··· Material provided ···

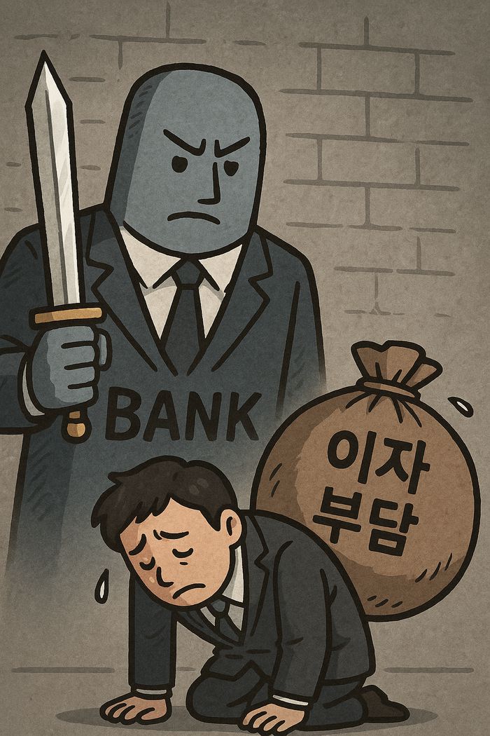 기업 운영에서 한계 상태에 빠진 상장사가 역대 최대로 늘면서 은행권의 기업 신용평가 작업에도 비상이 걸렸다. 이자 부담에 빠진 기업 상황을 AI가 그린 이미지 <챗GPT>
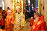 В завершение, все присутствовавшие за Литургией богомольцы имели возможность поклониться святыням, доставленным накануне в обитель к престольному празднику — ковчегу с частицам честных мощей святой блаженной Матроны Московской и святителя Спиридона Тримифунтского.
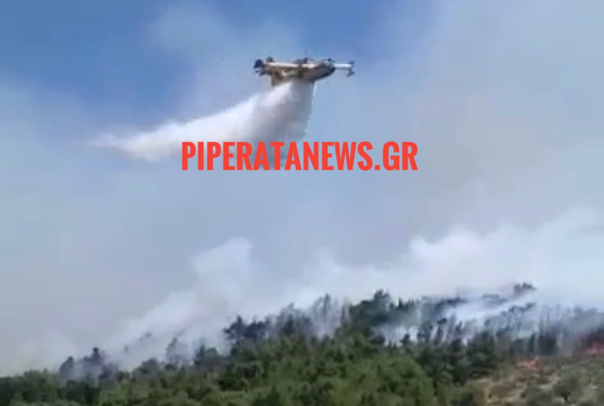 Η φωτιά και απειλεί τον οικισμό Λεύκα. Στο σημείο εθελοντές άντρες της πυροσβεστικής υπηρεσίας καθώς και εναέριες δυνάμεις. Αποπνυκτική η ατμόσφαιρα στο σημείο.

···

_Work required_
Please repeat the lines above from the line containing "В завершение, все" through the final line, both included, exactly as they stand and without pictures.

_Exercise result_
 В завершение, все присутствовавшие за Литургией богомольцы имели возможность поклониться святыням, доставленным накануне в обитель к престольному празднику — ковчегу с частицам честных мощей святой блаженной Матроны Московской и святителя Спиридона Тримифунтского.
 Η φωτιά και απειλεί τον οικισμό Λεύκα. Στο σημείο εθελοντές άντρες της πυροσβεστικής υπηρεσίας καθώς και εναέριες δυνάμεις. Αποπνυκτική η ατμόσφαιρα στο σημείο.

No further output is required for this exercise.